Stored dataset items
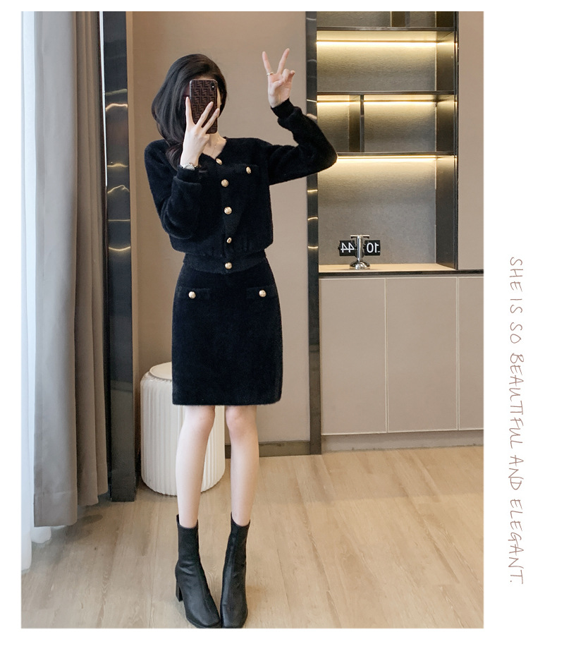 샤오샹풍 세트 2026 신상 여성 가을 겨울 스타일리쉬 여신풍 명사 패션 캐주얼 니트 투피스 세트 스커트
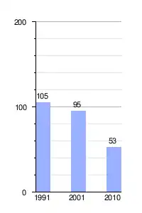 Gráfica de evolución demográfica de Joyango entre 1991 y 2010 |
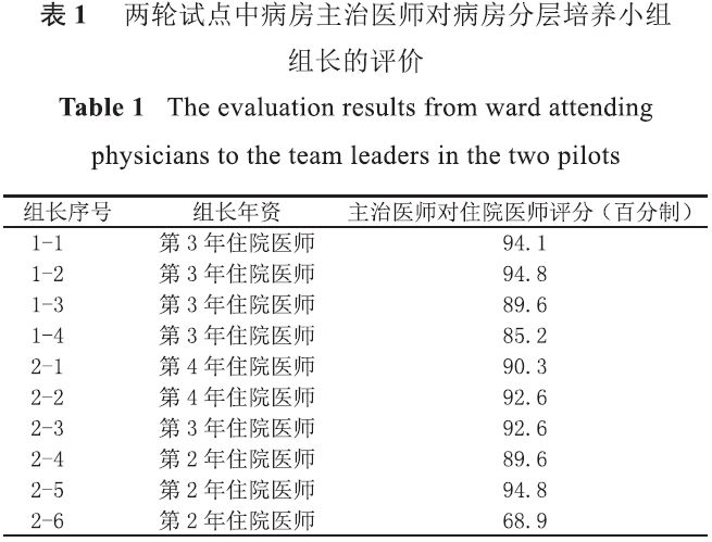 2.1.1 确立分层培养小组组长 北京协和医院内科病房分层培养小组组长由第2年及以上的内科住院医师担任,参考“推荐制度”结果来确认,即需在360度评估系统累计获得6个月及以上“可担任病房分层培养小组组长”评价者。住院医师是否具有担任小组组长的资格由总住院医师在每月换班前确认,并由负责排班的总住院医师合理安排,使每个医疗组有1名小组组长。
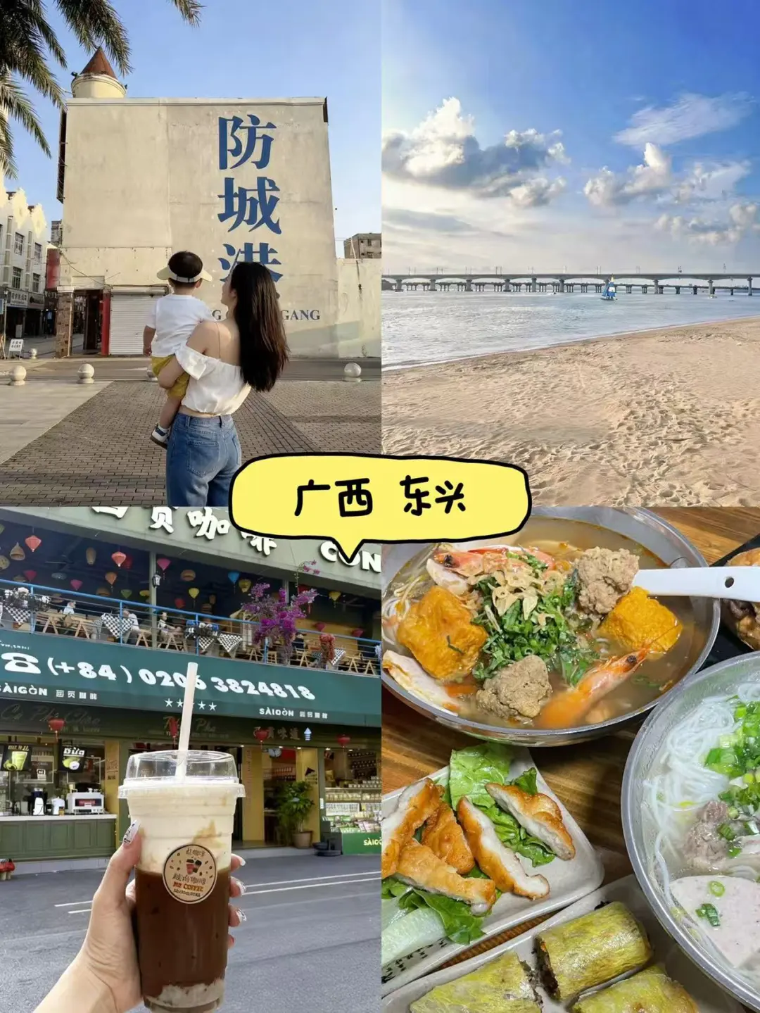 这真是我觉得被低估的一座边境小城,南宁坐大巴1.5小时或高铁到防城港北再转车,这座中越边境小城冬天能穿短袖(18–22℃),万尾金滩几乎没人,孩子可以自由挖沙赶海。越南街小吃5元起,滴漏咖啡+法棍早餐一秒穿越
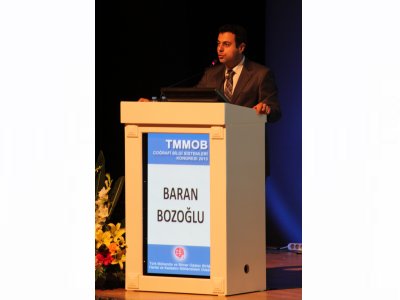 11-13 Kasım 2013 tarihleri arasında ODTÜ Kültür ve Kongre Merkezinde düzenlenen kongrenin ilk günkü panellerinden "Enerji ve Çevre" paneline katılan Başkanımız Bozoğlu bir de sunum yaptı. Makine Mühendisleri Odası Genel Başkanı Ali Ekber Çakarın oturum başkanlığını yaptığı panelin diğer konuşmacıları ise Hayati Çetin, Onur Paşaoğulları, Oğuz Türkyılmaz ve Yaşar Aydın oldu. Yaptığı sunumda Türkiyenin enerji ihtiyacının farkında olduklarını belirten Başkanımız Bozoğlu, "Enerji ihtiyacımızın olması demek, çevre mevzuatını delmek anlamına gelmemelidir" diye konuştu. Çevre mevzuatındaki sıkıntılara değinen Başkanımız, ÇED süreçlerinden bahsedip çözüm önerilerini sundu. Çevre mücadelesinde Odamızın açtığı davalara da değinen Başkanımız Bozoğlu, "Açtığımız davalar dolayısıyla bizi her şeye karşı çıkan istemezükçüler ilan ediyorlar. Halbuki, biz bu davaları hukuka uygun olmadığı için açıyoruz. Her projenin halk için yapılıp yapılmadığını da denetlemek bizim görevimiz" diye konuştu.
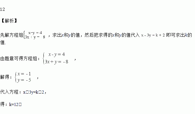 如果二元一次方程组 的解适合方程3x+y=-8,求k的值.
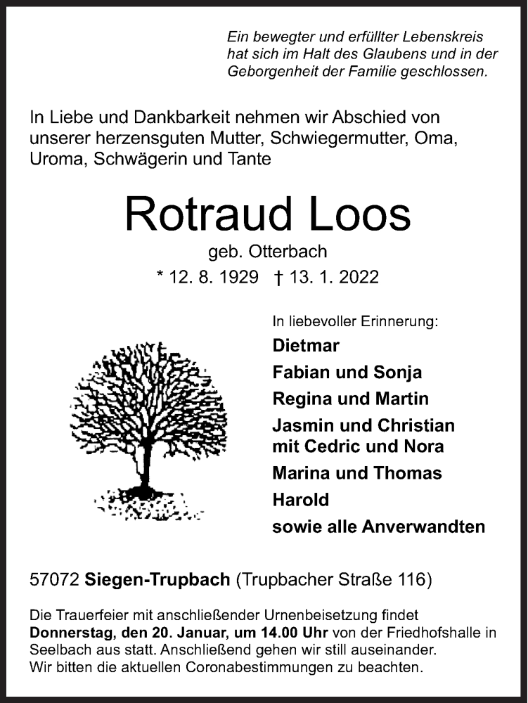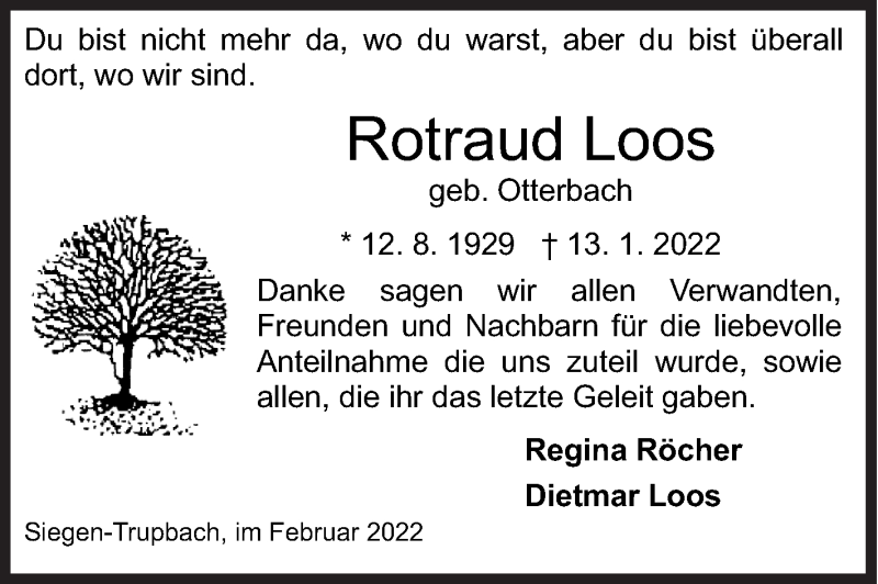 Hier finden Sie alle Traueranzeigen aus der Zeitung, die bisher für Rotraud Loos erschienen sind. Weitere Traueranzeigen, die in der Zeitung erscheinen, werden hier ebenfalls aufgelistet
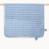Soft hooded baby blanket. Features blue and off-white striped pattern and cute animal ears on the hood. Measures approximately 30 in x 38 in. Pair with this playsuit for a cute look.

◆ **YOUR OBJECTIVE**
Copy exactly, with no pictures, the lines from the line containing "Hier finden Sie" through the last line of the records above.

◆ **YOUR SOLUTION**
 Hier finden Sie alle Traueranzeigen aus der Zeitung, die bisher für Rotraud Loos erschienen sind. Weitere Traueranzeigen, die in der Zeitung erscheinen, werden hier ebenfalls aufgelistet
Soft hooded baby blanket. Features blue and off-white striped pattern and cute animal ears on the hood. Measures approximately 30 in x 38 in. Pair with this playsuit for a cute look.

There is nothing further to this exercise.